▶ **DESCRIPTION OF THE TASK**: Each line below should be repeated exactly, but no picture should be carried over.

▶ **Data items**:
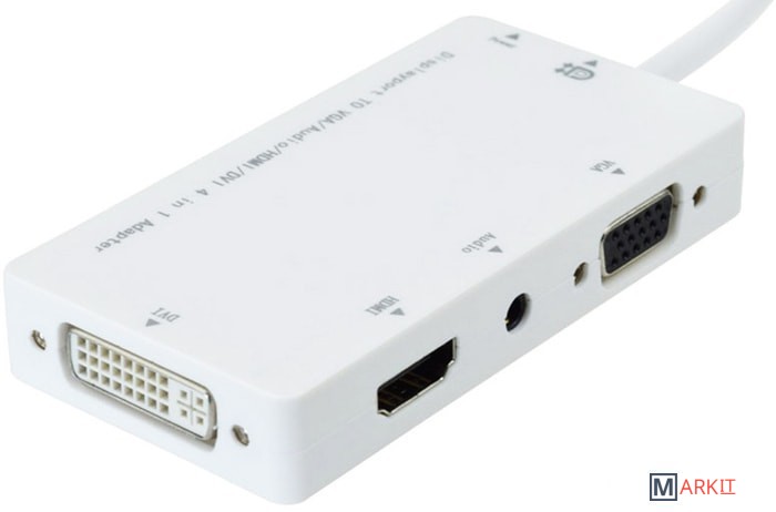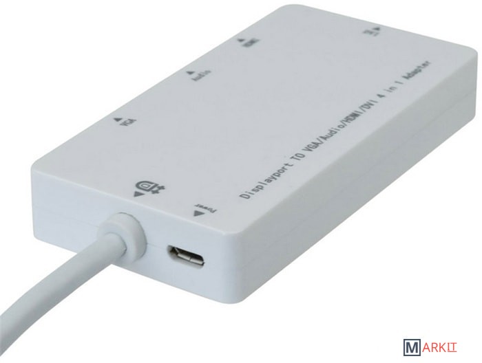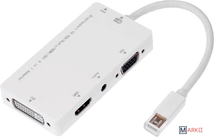 Кабель-переходник для подключения монитора или телевизора с интерфейсами HDMI/DVI/VGA к ноутбуку или видеокарте с выходом Mini DisplayPort. Доступен аудиовыход. Может понадобиться использование внешнего БП, если не хватит мощности, предоставляемой DP портом.
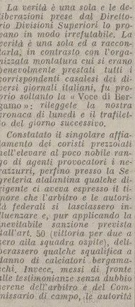 L’articolo inizia con la descrizione di un’Atalanta che domina in campo e prosegue con la gustosa descrizione di tutta una serie di frasi in dialetto degli atalantini in tribuna, tutta da leggere.
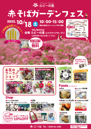 長野県 駒ヶ根市「ルビーの里」で秋の収穫祭!グルメ・音楽・体験が満載の『赤そばガーデンフェス』を10月18日(土)に開催
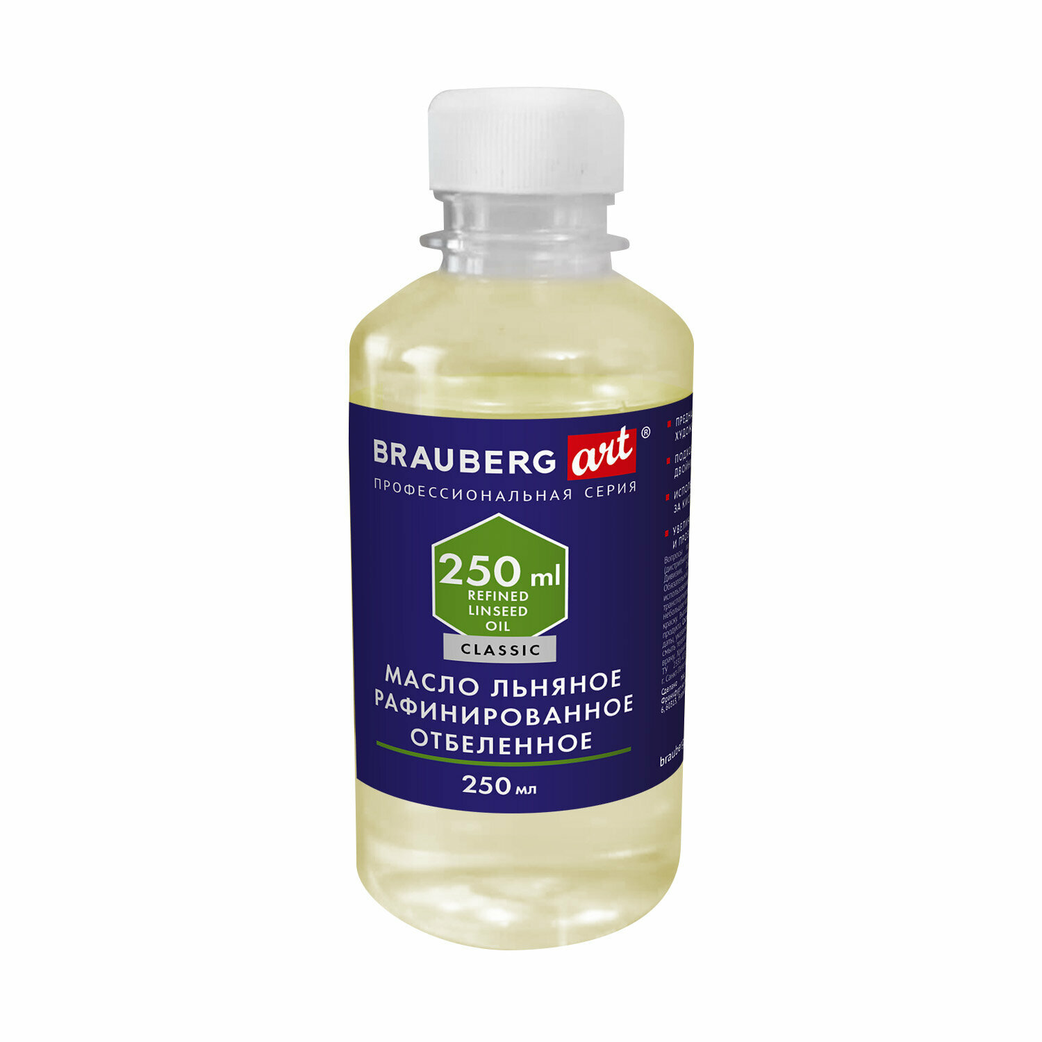 Льняное масло BRAUBERG ART CLASSIC рафинированное отбеленное идеально подходит для живописи масляными красками, а также для ухода за кистями. Масло для художественных работ из семян льна предназначено для разведения масляных красок. Подходит для приготовления разбавителей "двойник" и "тройник". Используется для бережного ухода за кистями. Увеличивает время высыхания красок, их прозрачность. Повышает разносимость и сцепление красок с поверхностями и между красочными слоями.
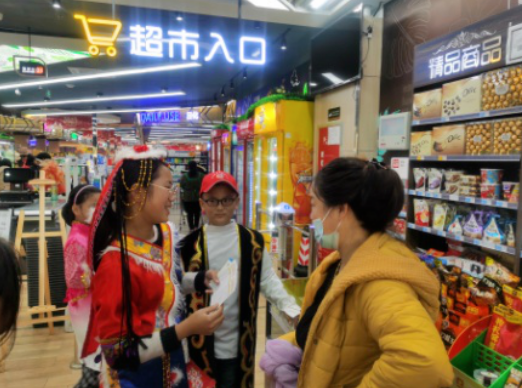 進集市,通過志愿者身著民族服裝展示、民族知識有獎問答、發(fā)放民族宣傳知識折頁等方式,激活市場群體對民族團結促融合的意識。
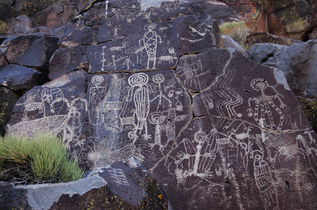 The N-P model uses clinical data to indicate that a rock art panel was inspired by a trance-like state although the subject matter across cultures may be different, the “formal characteristics of the arts should be similar.”[29] An example of art depicting all three of the N-P model symbols can be seen the petroglyph rock art of Coso Range in eastern California in Figure 3.
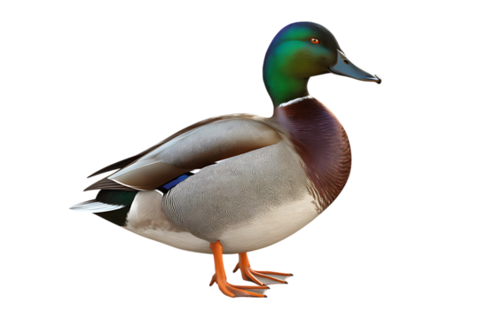 A mallard duck, a wild bird with green and brown feathers, is isolated on transparent background
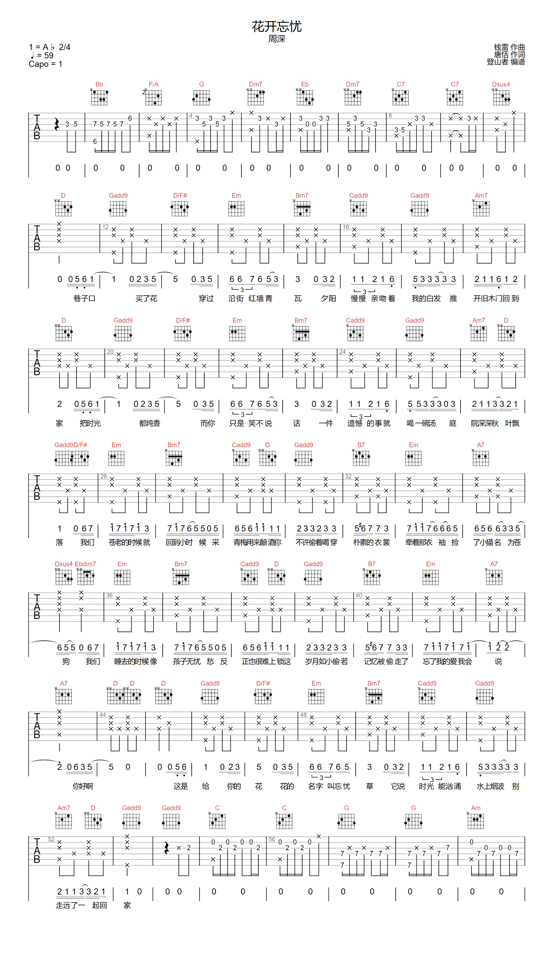 《花开忘忧》吉他谱,周深演唱,随谱附上吉他弹唱演示视频,花开忘忧吉他弹唱谱,原调bA调,曲谱选用G调指法编配,变调夹1品回到原调音高,共两张图片六线谱,喵了个艺制谱分享,曲谱宝上传。 周深在春晚的舞台上,唱起了《花开忘忧》,仿佛彼岸花绽放了一片温暖,为我们带来了遗忘烦恼...
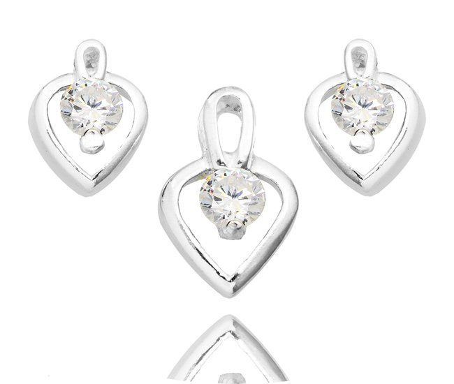 480/357 komplet srebrny 925 serca z cyrkonią biała kolczyki wisiorek
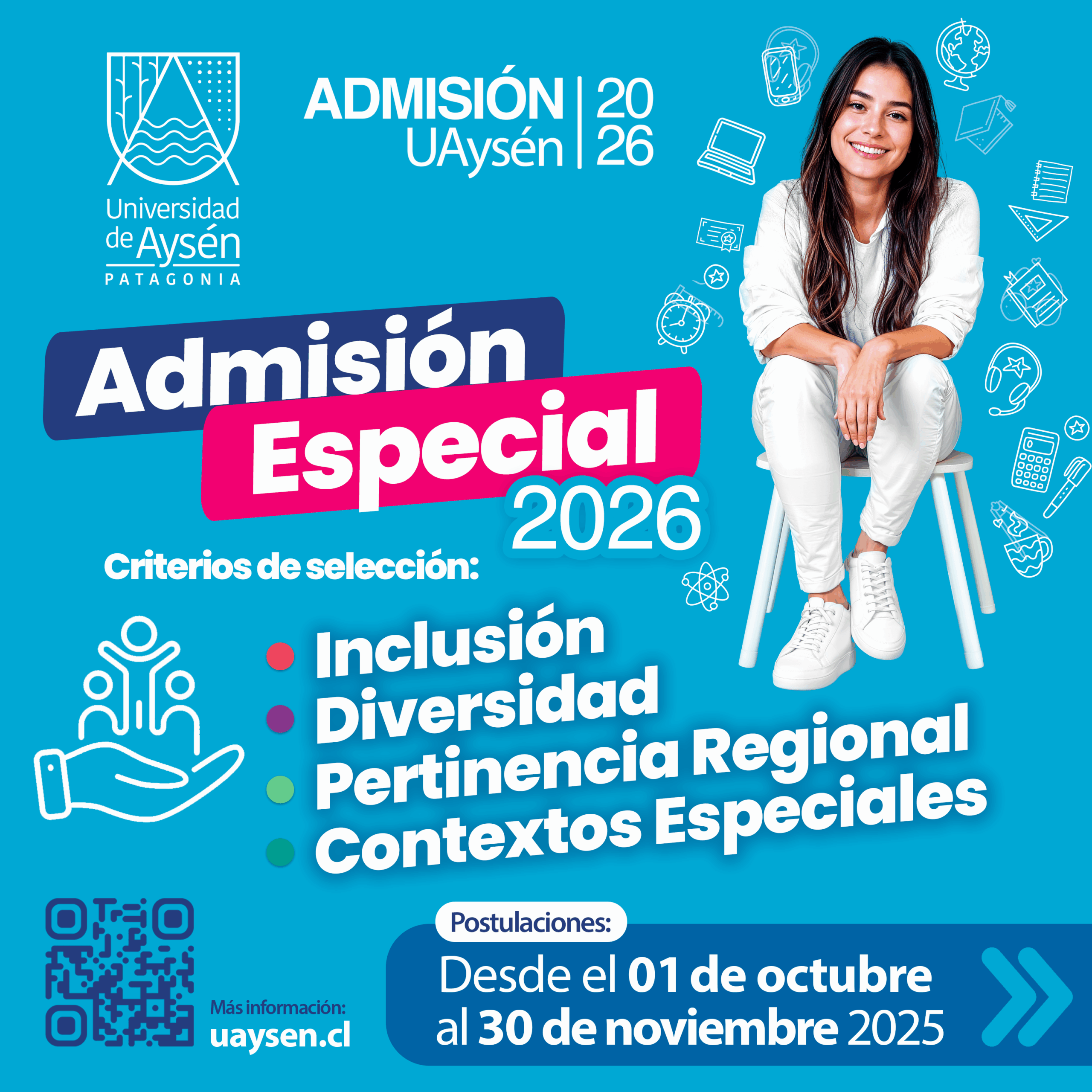 Hasta el 30 de noviembre del 2025 se puede postular a la Admisión Especial UAysén 2026, la cual contempla cuatro criterios de selección: Inclusión, Diversidad, Pertinencia Regional y Contextos Especiales. Este proceso permite postular a personas con talentos deportivos, culturales o académicos destacados, jóvenes de establecimientos educacionales de zonas extremas, integrantes de pueblos originarios, personas en situación de discapacidad o quienes enfrenten contextos personales particulares. Además, la universidad podrá ampliar el proceso durante el mes de diciembre para aquellas carreras que lo requieran.
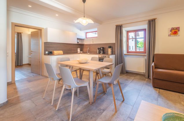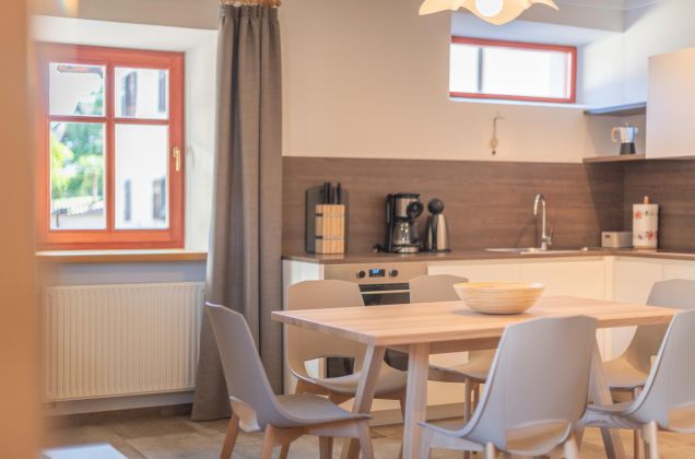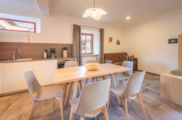 In unserem Stöckl 3 können Sie sich auf ein Wohlfühlen in alten Mauern mit modernem Flair freuen. Die Ferienwohnung verfügt über zwei Schlafzimmer mit zwei Bädern und einer Wohnküche. Ob vor 500 Jahren die Mägde und Knechte des Hofes auch so ansehnlich wie heute schliefen? Wenn die alten Mauern sprechen könnten, welche Geschichten würden sie uns wohl erzählen?
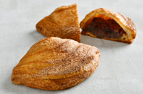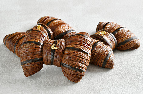 外はサクサク、中はもちもちの生地になるようクロワッサン生地を幾重にも折り重ねて焼き上げ、甘さ控えめなガナッシュをたっぷり詰めました。
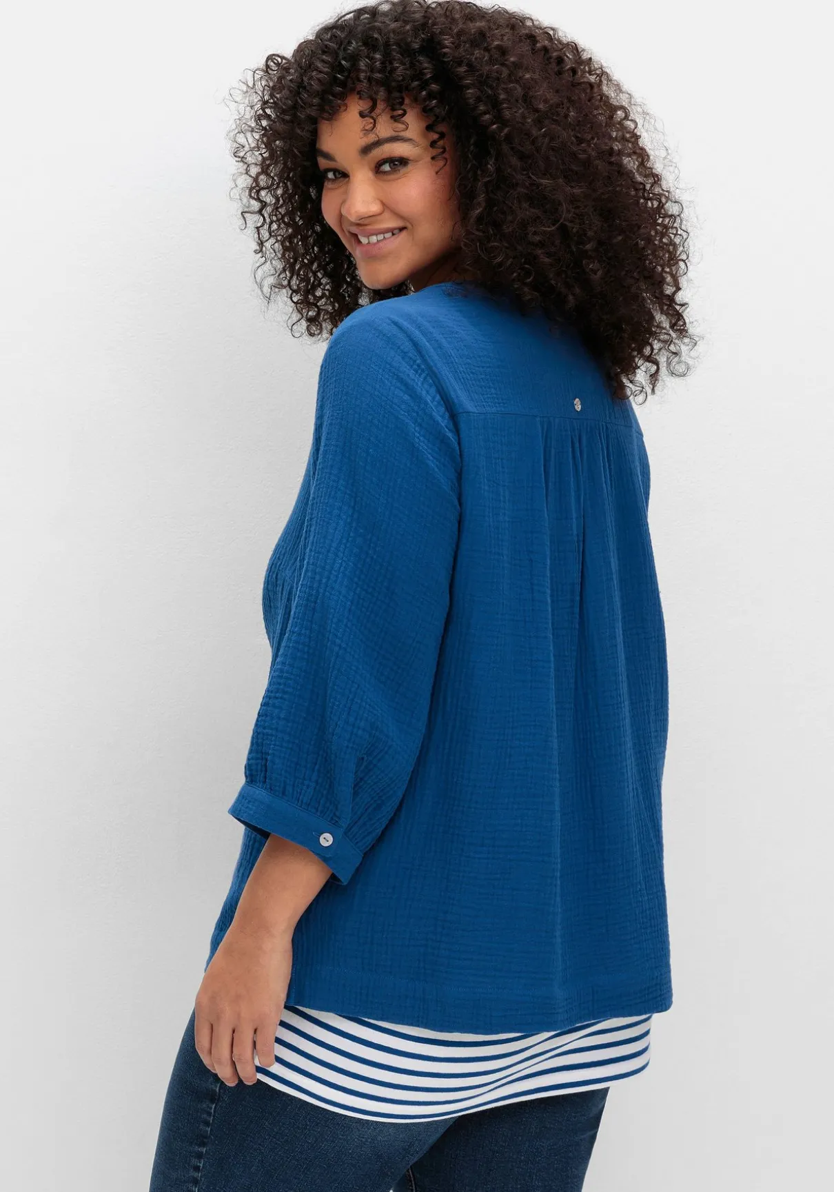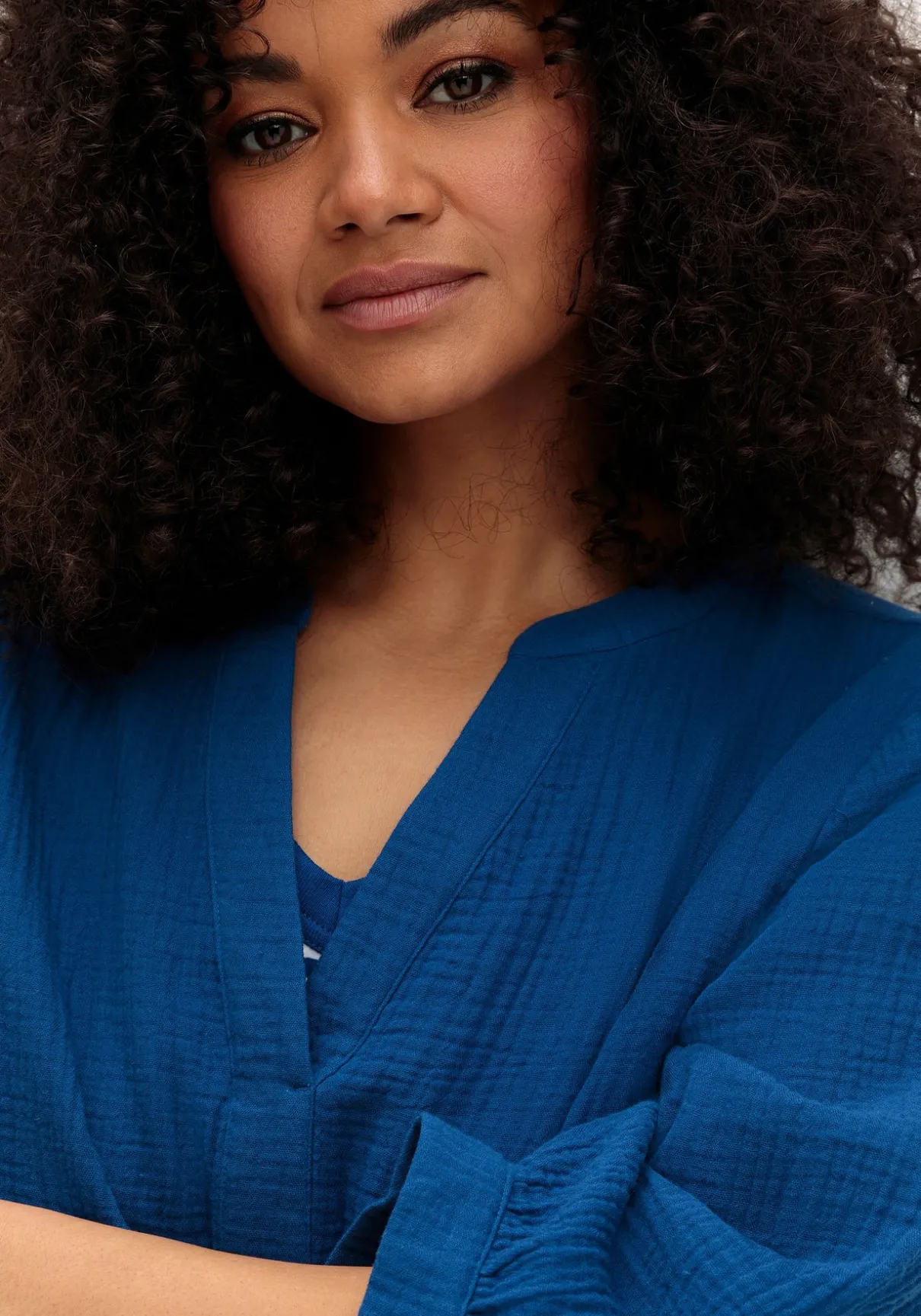 Der Musselin-Stoff aus softer Baumwolle besitzt eine dezent strukturierte Optik, trägt sich herrlich leicht und liegt weich auf der Haut.
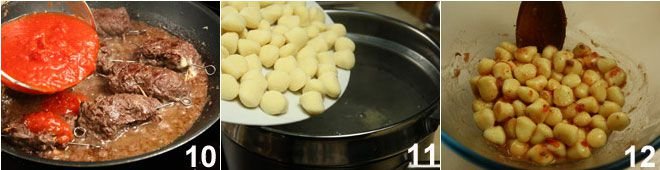When the wine has evaporated, add the tomato sauce 10; add enough hot water to cover them. Cover the pan with a lid and cook, adjusting salt and pepper and stirring occasionally. Once the rolls are cooked and the sauce has thickened, boil the potato gnocchi in plenty of salted water 11, drain them well, and add them to the sauce 12. Then remove the toothpicks from the rolls and serve your gnocchi with useleti to the guests.

▶ **EXPECTED ANSWER**:
 Кабель-переходник для подключения монитора или телевизора с интерфейсами HDMI/DVI/VGA к ноутбуку или видеокарте с выходом Mini DisplayPort. Доступен аудиовыход. Может понадобиться использование внешнего БП, если не хватит мощности, предоставляемой DP портом.
 L’articolo inizia con la descrizione di un’Atalanta che domina in campo e prosegue con la gustosa descrizione di tutta una serie di frasi in dialetto degli atalantini in tribuna, tutta da leggere.
 長野県 駒ヶ根市「ルビーの里」で秋の収穫祭!グルメ・音楽・体験が満載の『赤そばガーデンフェス』を10月18日(土)に開催
 Льняное масло BRAUBERG ART CLASSIC рафинированное отбеленное идеально подходит для живописи масляными красками, а также для ухода за кистями. Масло для художественных работ из семян льна предназначено для разведения масляных красок. Подходит для приготовления разбавителей "двойник" и "тройник". Используется для бережного ухода за кистями. Увеличивает время высыхания красок, их прозрачность. Повышает разносимость и сцепление красок с поверхностями и между красочными слоями.
 進集市,通過志愿者身著民族服裝展示、民族知識有獎問答、發(fā)放民族宣傳知識折頁等方式,激活市場群體對民族團結促融合的意識。
 The N-P model uses clinical data to indicate that a rock art panel was inspired by a trance-like state although the subject matter across cultures may be different, the “formal characteristics of the arts should be similar.”[29] An example of art depicting all three of the N-P model symbols can be seen the petroglyph rock art of Coso Range in eastern California in Figure 3.
 A mallard duck, a wild bird with green and brown feathers, is isolated on transparent background
 《花开忘忧》吉他谱,周深演唱,随谱附上吉他弹唱演示视频,花开忘忧吉他弹唱谱,原调bA调,曲谱选用G调指法编配,变调夹1品回到原调音高,共两张图片六线谱,喵了个艺制谱分享,曲谱宝上传。 周深在春晚的舞台上,唱起了《花开忘忧》,仿佛彼岸花绽放了一片温暖,为我们带来了遗忘烦恼...
 480/357 komplet srebrny 925 serca z cyrkonią biała kolczyki wisiorek
 Hasta el 30 de noviembre del 2025 se puede postular a la Admisión Especial UAysén 2026, la cual contempla cuatro criterios de selección: Inclusión, Diversidad, Pertinencia Regional y Contextos Especiales. Este proceso permite postular a personas con talentos deportivos, culturales o académicos destacados, jóvenes de establecimientos educacionales de zonas extremas, integrantes de pueblos originarios, personas en situación de discapacidad o quienes enfrenten contextos personales particulares. Además, la universidad podrá ampliar el proceso durante el mes de diciembre para aquellas carreras que lo requieran.
 In unserem Stöckl 3 können Sie sich auf ein Wohlfühlen in alten Mauern mit modernem Flair freuen. Die Ferienwohnung verfügt über zwei Schlafzimmer mit zwei Bädern und einer Wohnküche. Ob vor 500 Jahren die Mägde und Knechte des Hofes auch so ansehnlich wie heute schliefen? Wenn die alten Mauern sprechen könnten, welche Geschichten würden sie uns wohl erzählen?
 外はサクサク、中はもちもちの生地になるようクロワッサン生地を幾重にも折り重ねて焼き上げ、甘さ控えめなガナッシュをたっぷり詰めました。
 Der Musselin-Stoff aus softer Baumwolle besitzt eine dezent strukturierte Optik, trägt sich herrlich leicht und liegt weich auf der Haut.
When the wine has evaporated, add the tomato sauce 10; add enough hot water to cover them. Cover the pan with a lid and cook, adjusting salt and pepper and stirring occasionally. Once the rolls are cooked and the sauce has thickened, boil the potato gnocchi in plenty of salted water 11, drain them well, and add them to the sauce 12. Then remove the toothpicks from the rolls and serve your gnocchi with useleti to the guests.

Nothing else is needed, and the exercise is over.